Congress’ Recent Improvements to SBIR

The enacted Small Business Innovation and Economic Security Act, introduced by Senators Ernst and Markey extends SBIR through 2031 and makes several targeted improvements that complement the administrative reform agenda.

The most significant near-term change is TABA reform. The bill converts TABA from an agency-vendor model to an awardee-directed model and raises the Phase II cap to $50,000. It explicitly authorizes awardees to use TABA funds to hire staff to implement commercialization work, not just receive advice. This removes the primary structural barrier to TABA utilization that the blueprint identifies.

The bill also creates a Strategic Breakthrough Allocation: a new late-stage funding pathway allowing DOE and other large agencies to make awards of up to $30 million per company to Phase II graduates who can demonstrate matching private investment and market validation. No comparable mechanism has previously existed within the SBIR structure. Combined with Phase III training for contracting officers and standardized model contracts, this begins to build the downstream pathway the blueprint envisions. DOE has awarded exactly one Phase III contract — in the program’s entire history but that can change if this strategic breakthrough allocation is utilized.

However, the bill does not address the structural questions the blueprint focuses on. The management architecture, the application burden, the narrow topic structure, the absence of a centralized commercialization function. The bill improves SBIR’s instruments and incentives. It does not fix the institution. That work is administrative and dependent on DOE leadership choosing to act.

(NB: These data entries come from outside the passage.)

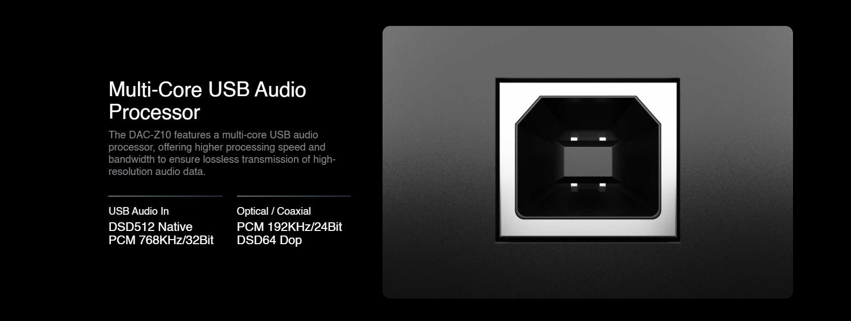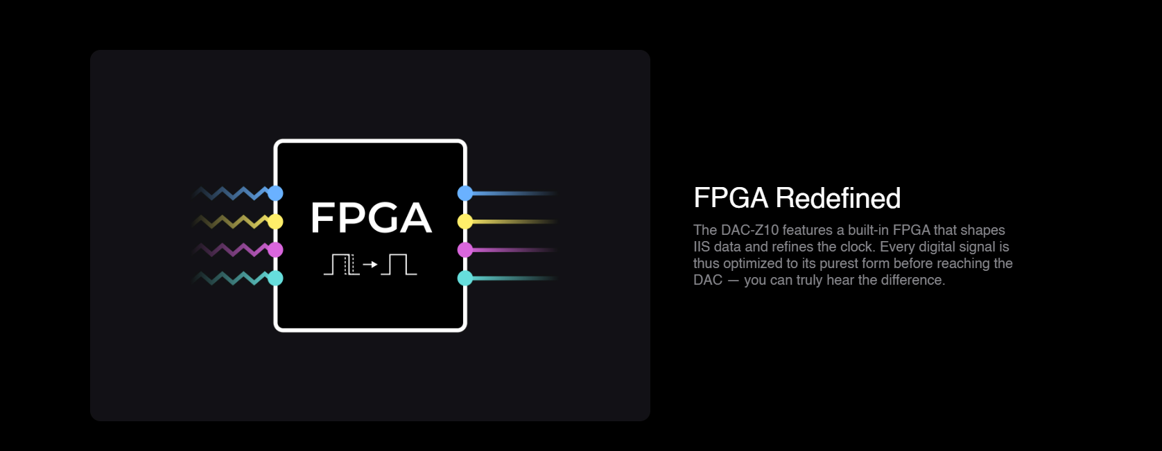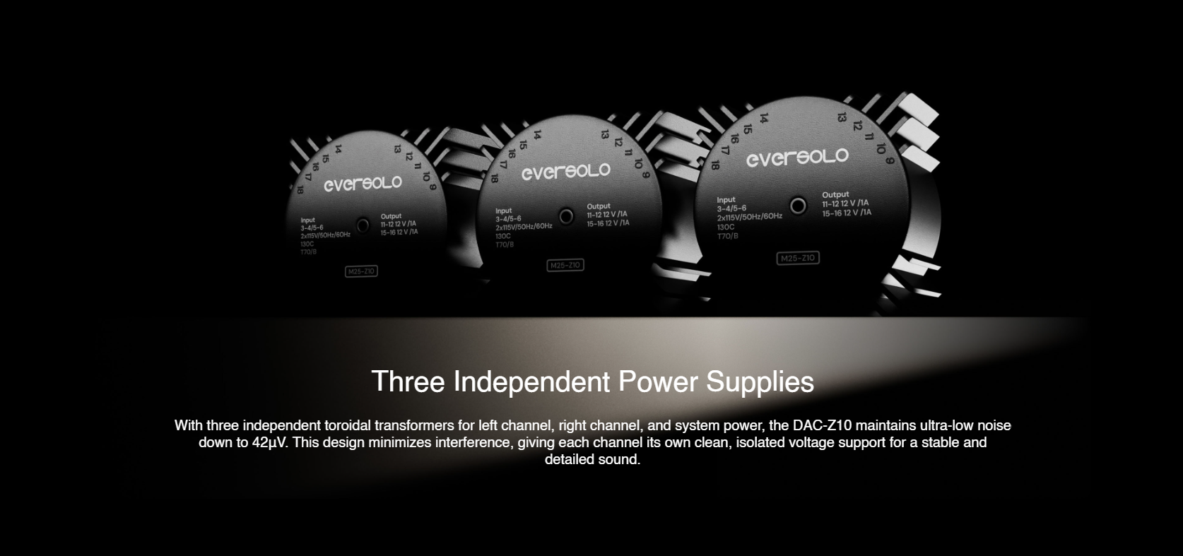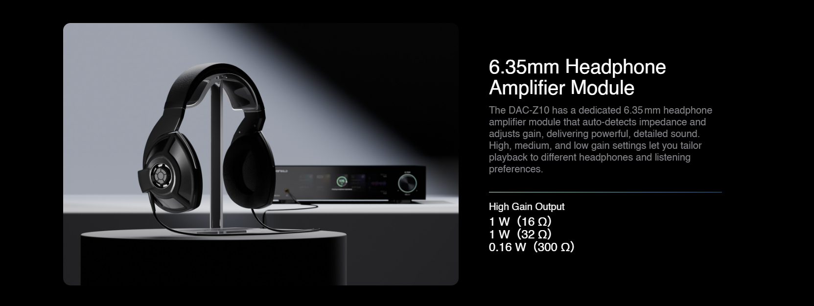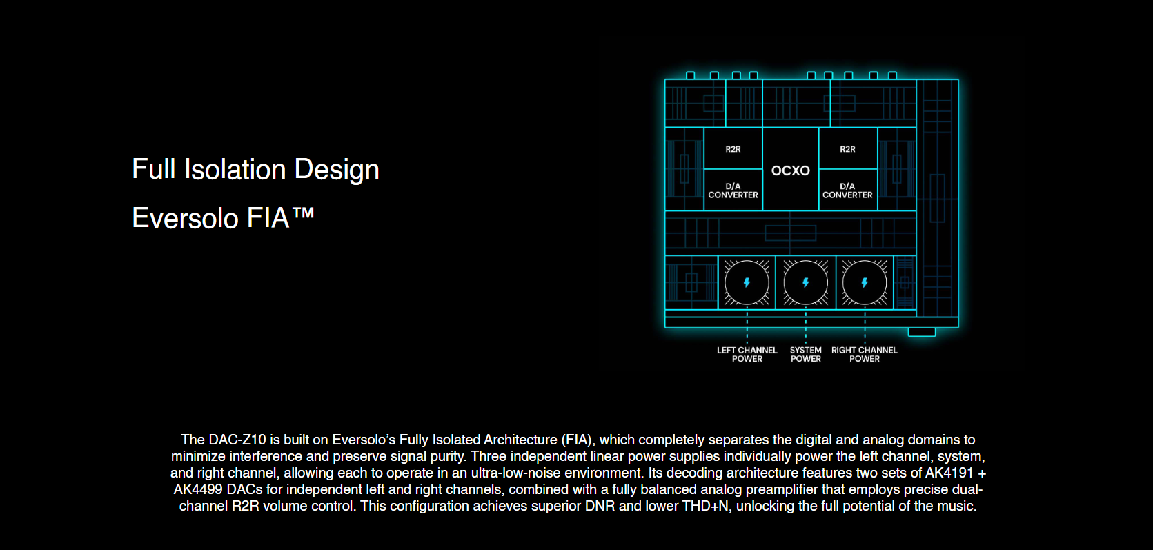DAC-Z10 採用 Fully Isolated Architecture(FIA),將數碼與類比完全隔離,降低干擾,三組獨立環形變壓器供電,左/右聲道及系統電路分別供電,噪聲低至 42 μV。DAC 部分使用 AK4191 + AK4499 配合 Velvet Sound 技術,兼顧精準與溫暖音色。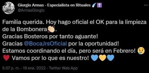 “Nos hicieron daño a través de la magia negra para tumbarnos, confirmo todo lo que dije hace un tiempo sobre la Bombonera”, explicó también Giorgio en su charla con el Diario Olé. Y añadió: “Los brasileños y colombianos son fuertes en estos temas de energía. En el campo de juego no pudieron haber hecho nada, pero sí en el vestuario, incluso sacrificado a algún animal. Llevaron su gente a hacerlo y dejaron la maldad”.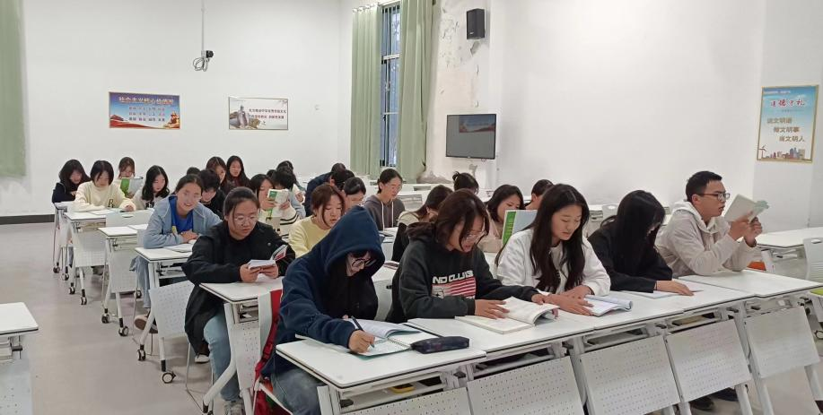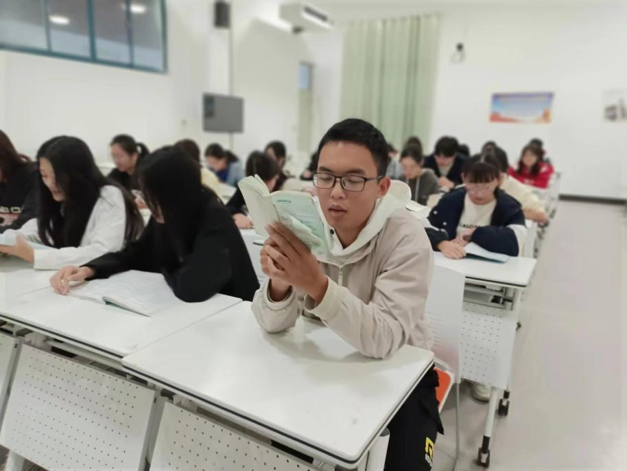 本次晨读月活动面向为大一全体学生。早上六点半,伴着晨光熹微,学生自主选择英语词汇、专业教材、红色经典等书籍朗读,晨读教室学习氛围浓厚,学习效果良好。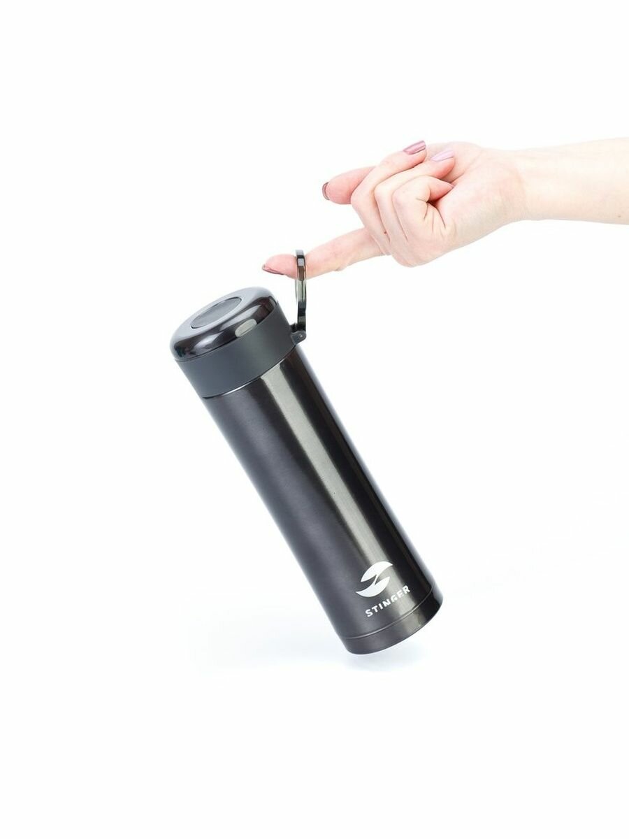 Термокружка Stinger, 0,42 л, сталь/пластик, чёрный матовый, с ситечком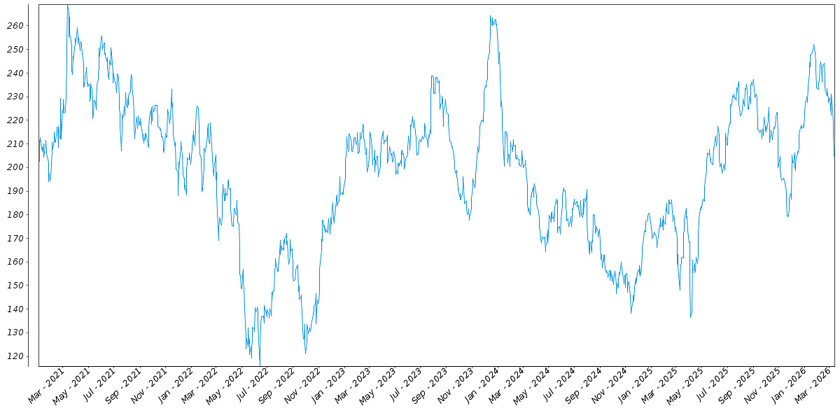 The following graph sets forth the daily historical performance of BA in the period from January 2, 2021 through the pricing date. We obtained this historical data from Bloomberg L.P. We have not independently verified the accuracy or completeness of the information obtained from Bloomberg L.P. The Closing Market Prices reflected in the graph below may have been adjusted to reflect certain corporate actions, such as stock splits and reverse stock splits. On the pricing date, the Closing Market Price of BA was $209.89.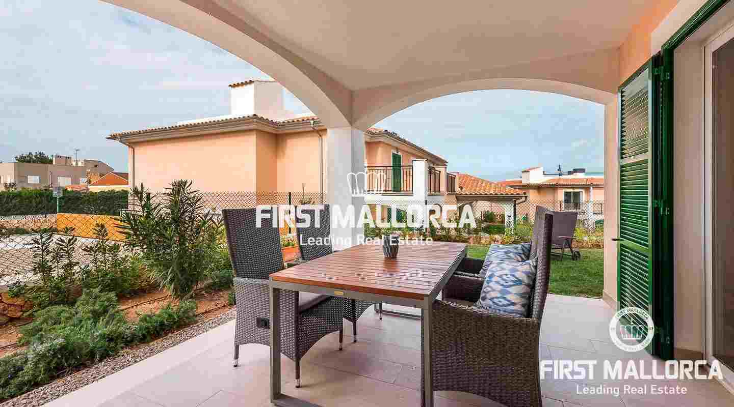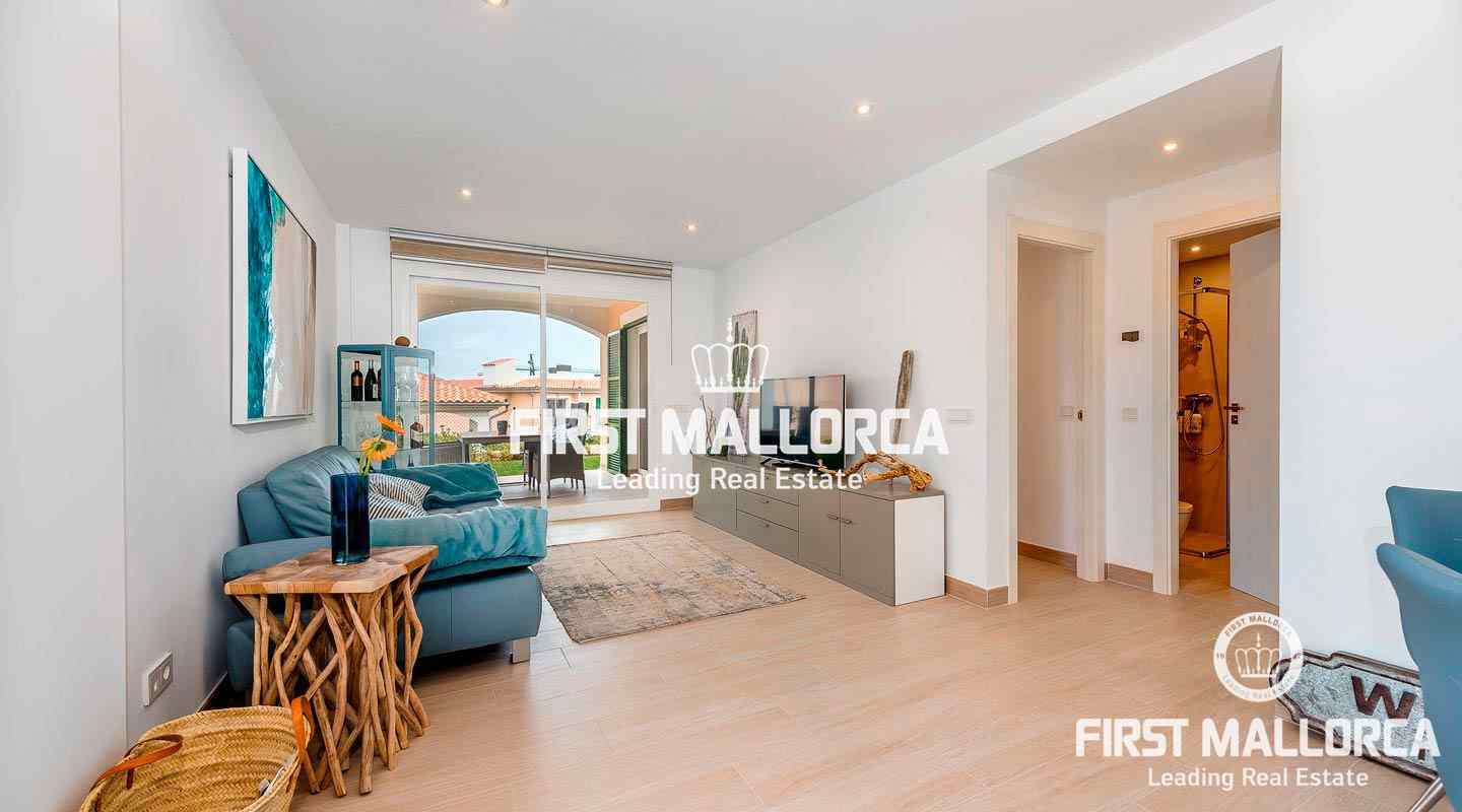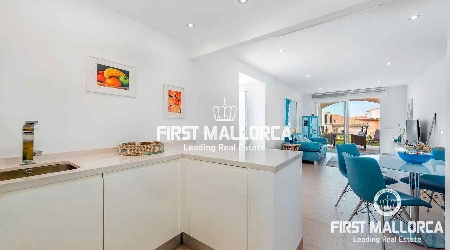 Este moderno apartamento bañado en luz se encuentra en la planta baja de una nueva comunidad bien cuidada en Colònia de Sant Pere, en la costa norte de Mallorca.

The combination is the pathway forward: full administrative reform launched in Year 1, reinforced by the legislation’s TABA redesign, Strategic Breakthrough Allocation, Phase III education, and new data infrastructure. With these combined reforms, companies building the next generation of energy technologies have access to an optimized program that can give them the support they need to launch them toward the market at a high speed.